Something thrilled her as she took the little box in her hand, and opened it. She found within a piece of soft mould, in which some sweet young grass was growing, and on one side a fresh wild flower, that must have been pulled that day.

As she looked, with blurred sight, the meaning of the blessed gift poured into her heart like balm, and her thought rose up to heaven in an ecstasy of gratitude.

She did not need to look at the letter; she divined its contents. But at length she took it, and broke the seal, and read the few words it contained:—

"Dear Alice,—The grass and flowers were growing this morning on your baby's grave. The wild flowers have covered it for years. I have it shall never be neglected nor disturbed."

Yours faithfully

WILLIAM SHERIDAN

An hour later, Sister Cecilia entered the outer room, purposely making a noise to distract Alice's reverie. But she had to come at last and touch her arm, and take the box and the letter from her hands, before Alice realized the revelation that had come to her. She did not see it even then as a whole; but piece by piece in her mind the incredible happiness dawned upon her, that she actually had with her the precious grass, with young life in it, fresh from her darling's grave.

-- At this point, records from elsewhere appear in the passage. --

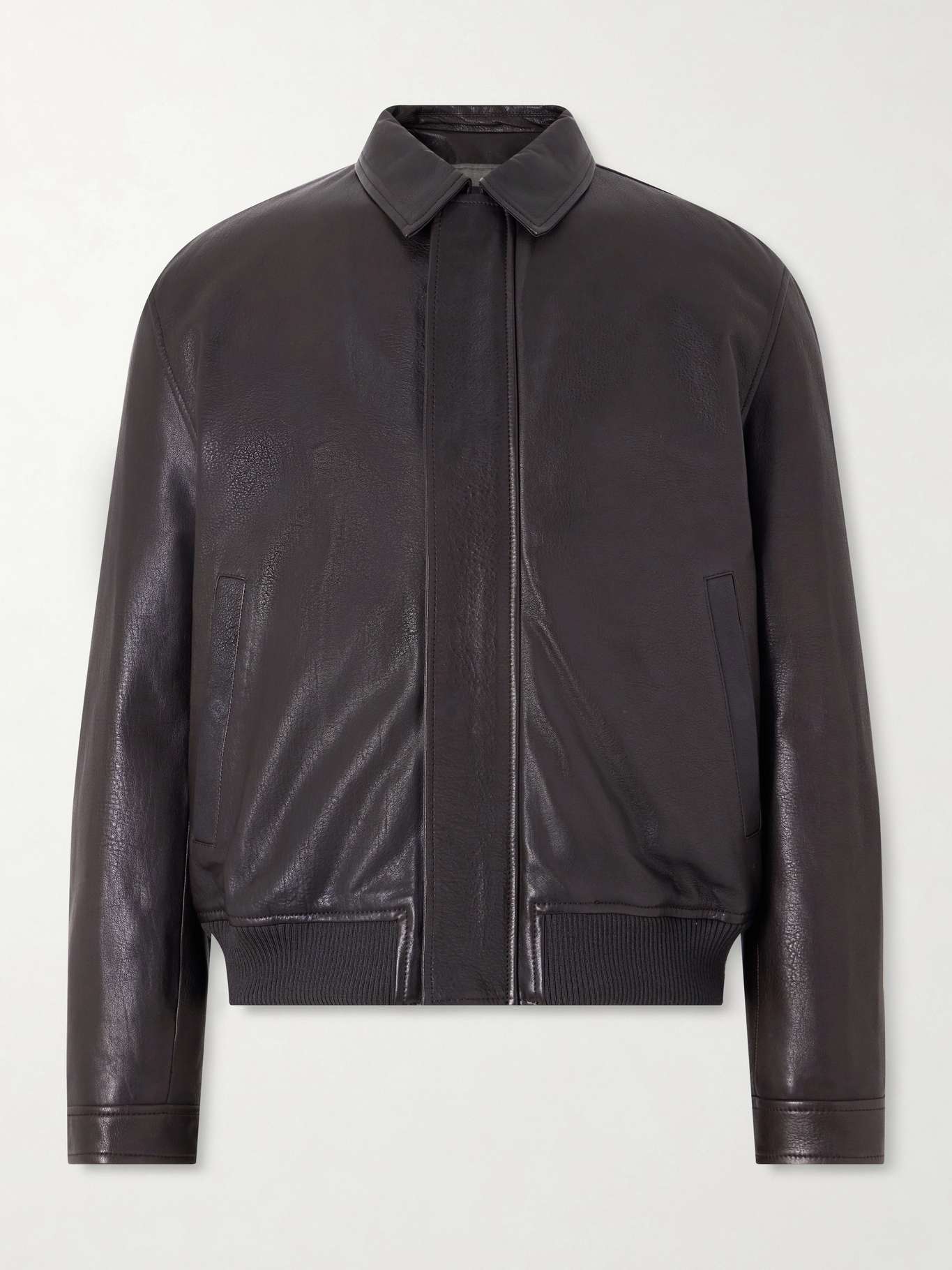Yves Salomon reworks classic biker codes into this bomber jacket. Crafted from textured leather with a structured handle, it’s fitted with silver-tone press buttons and two practical side slit pockets that balance attitude with everyday function.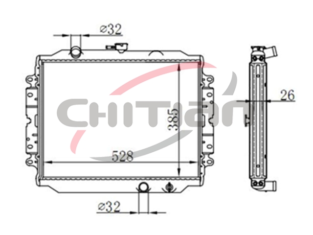Name: RadiatorPart No.: CT-IS043Remark: Depth (mm):26Length (mm):528Transmission ():MTWidth (mm):385OEM Number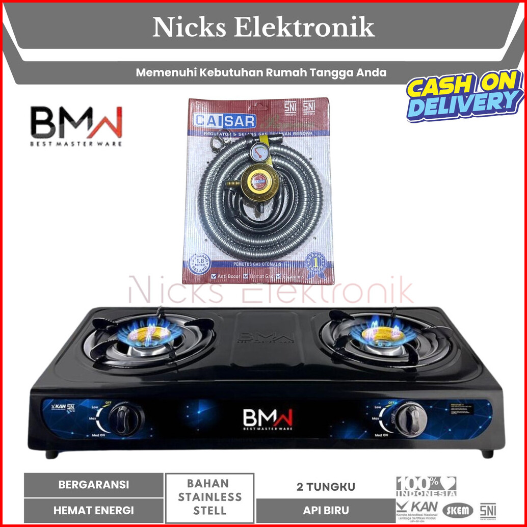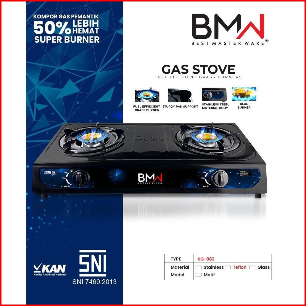 Bmw Kompor Teflon Paket Selang Regulator Kg-882t 2 Tungku Garansi Resmi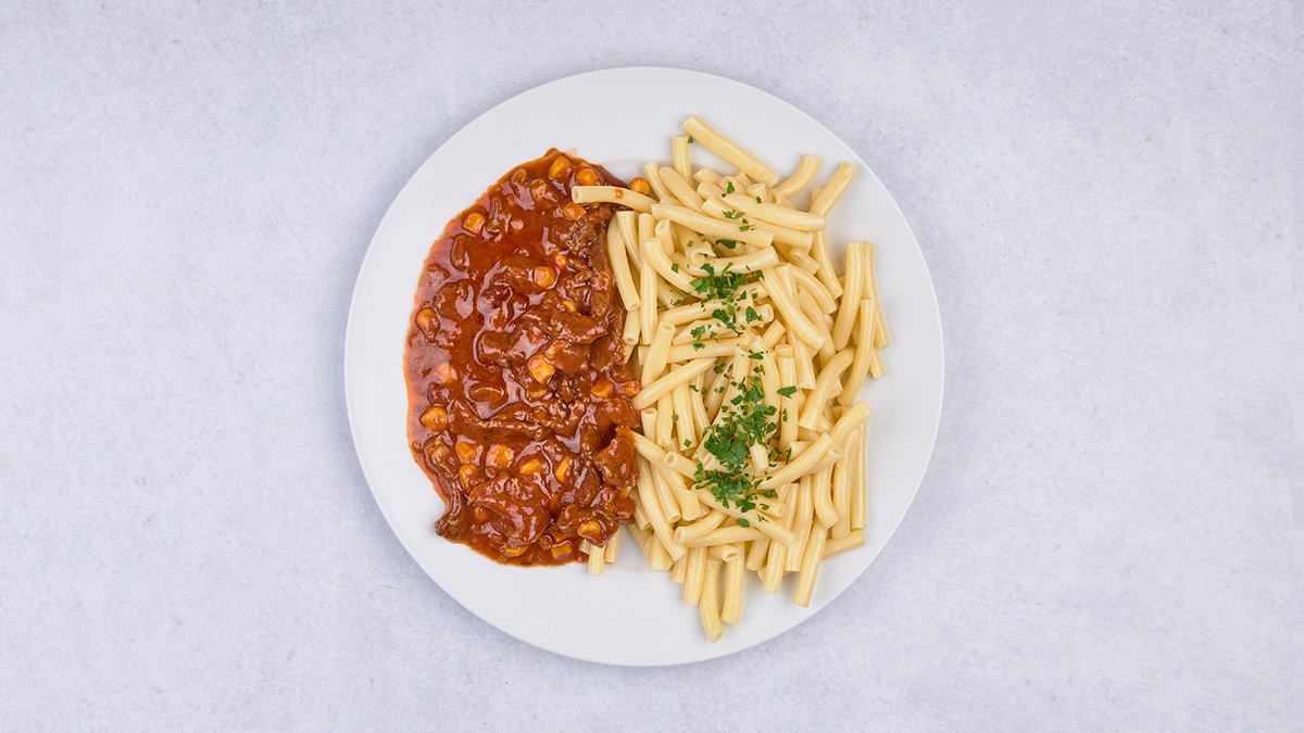 paradajkový pretlak, fazuľa, kukurica, cibuľa, mäso, smotana, syr + toast 270g / obsahuje: 1, 7
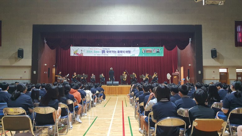 [시흥시 세계타임즈=송민수 기자] 경기 시흥시 시흥중학교(교장 조원택)는 11일 학교 온누리관에서 시흥윈드오케스트라와 함께하는 2024년 시흥 찾아가는 공연 문화예술교육‘See-興 찾아가는 클래식 여행’을 개최하였다.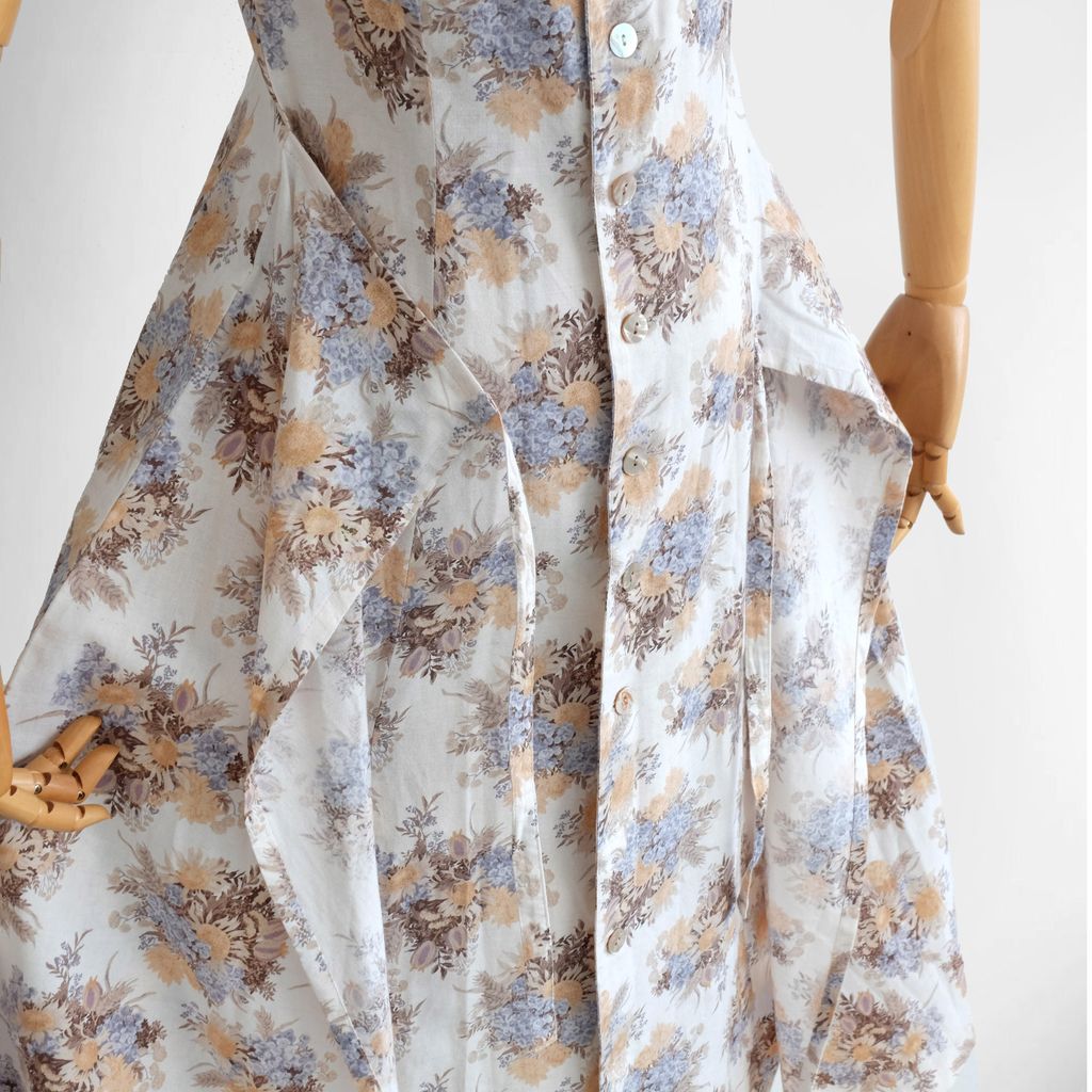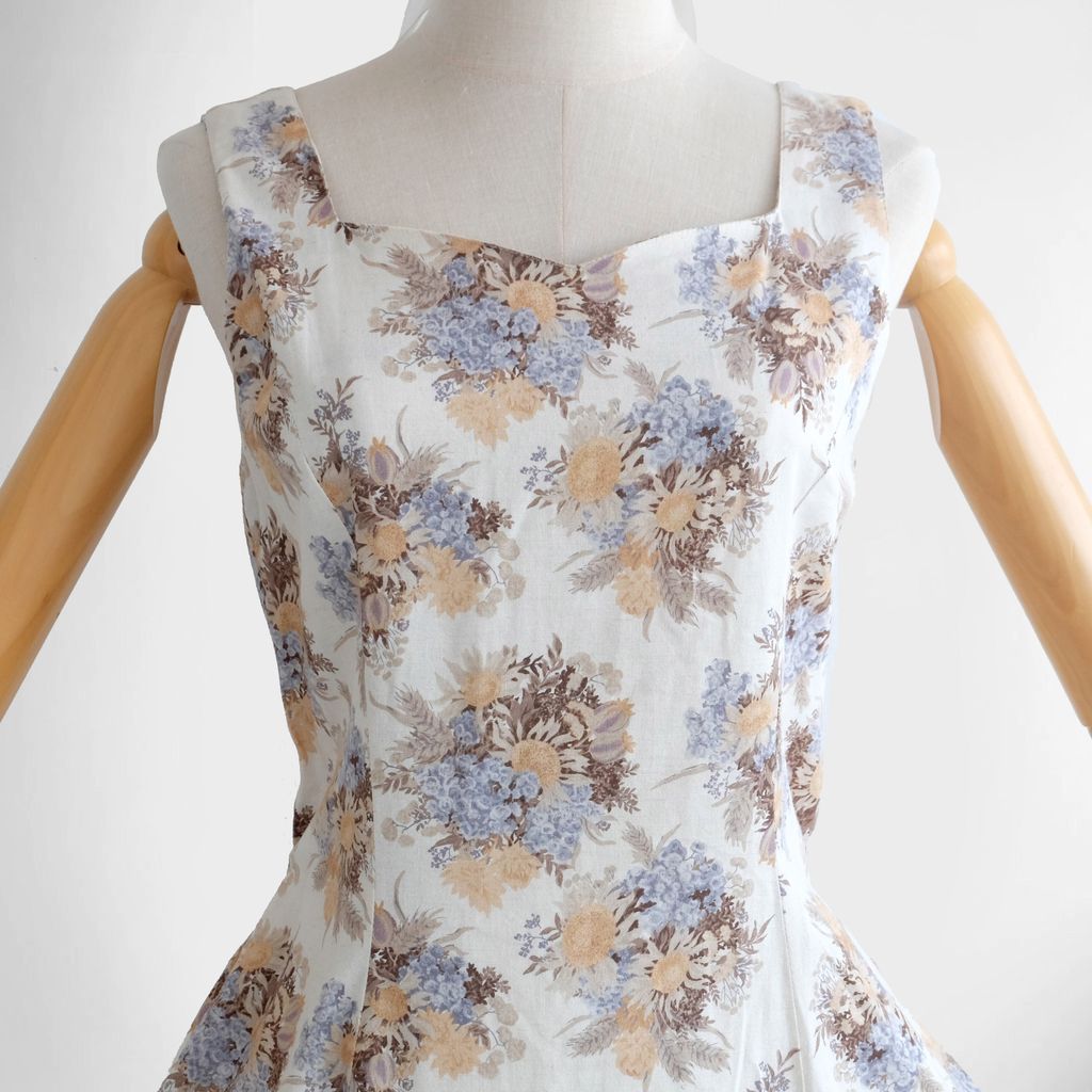 Sweet heart neckline. With extra panels to tie at the back. Fitted waist. Back buttons closure. Thick Cotton fabric.

And later on, slowly, but by sure degrees, entered another thought, that rested like a holy thing beside this pure affection.

The last words of the letter repeated themselves like a strain of distant music in her ears: "Yours faithfully—yours faithfully"—and though the sense that was touched had in it a tone of pain and reproach that smote her, it roused her from further dwelling on her own unhappiness.